David Austen's stylistically diverse practice spans painting, sculpture, printmaking and film. Cigarette-smoking moons, trysting couples, elegiac texts and vibrant abstract visions - the elements of his work come together like fragments of a strange and wonderful story, drawing on a wide range of influences from film noir and Greek mythology to absurdist theatre and art history. Austen says: 'My work explores love and yearning, loss and grief, memory and dream and the unreliability of these things’.
Austen's suites of etchings seem like storyboards for these fractured tales, and which in turn have led to the making of works in film. His first, Smoking Moon (shown at both Camden Arts Centre and the British Film Institute) was followed by Crackers, commissioned for his most comprehensive solo exhibition to date at Milton Keynes Gallery (2007), which was subsequently screened at the Locarno Film Festival and at the Institute of Contemporary Arts, London. In 2008 he collaborated with the artist Enzo Cucchi to make a short film in Rome, Man Smoking.

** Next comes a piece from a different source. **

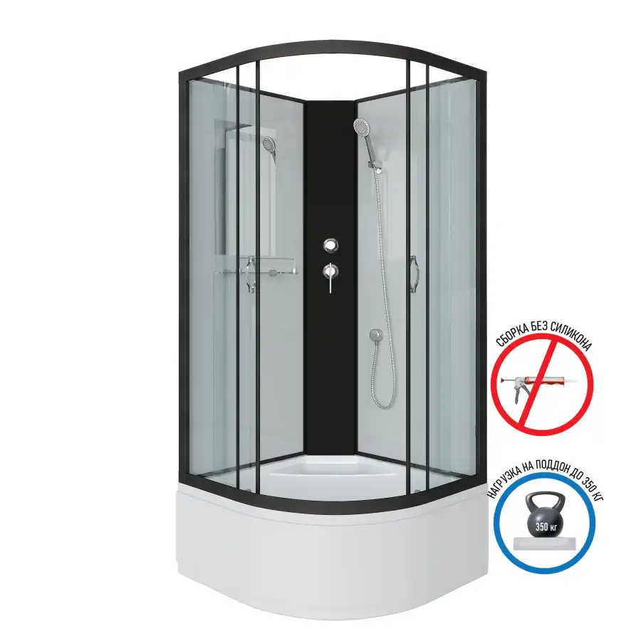 Душевая кабина Niagara Classic 100х100х200 NG-6709-14BK открытая без крыши, высокий поддон 45 см, профиль черный, стекло прозрачное, без гидромассажа. Артикул изделия 67091414BK.

In 2012, Austen's film, The Gorgon's Dream, was premiered at the Edinburgh International Film Festival and his work was selected for the curated film programme at Art Basel Miami Beach 2013. For the 2016 edition of Art Basel Miami Beach Austen presented a solo exhibition, Silence Beach, with Ingleby. UNDERWORLD, a major survey exhibition exploring the breadth of David Austen's artistic practice was presented by Dundee Contemporary Arts in Spring, 2019. The Boys: an Adventure, an exhibition with drawings by David Austen and words by Hisham Matar, was presented at the gallery in 2023, alongside the launch of a new publication which celebrated Austen and Matar's collaboration.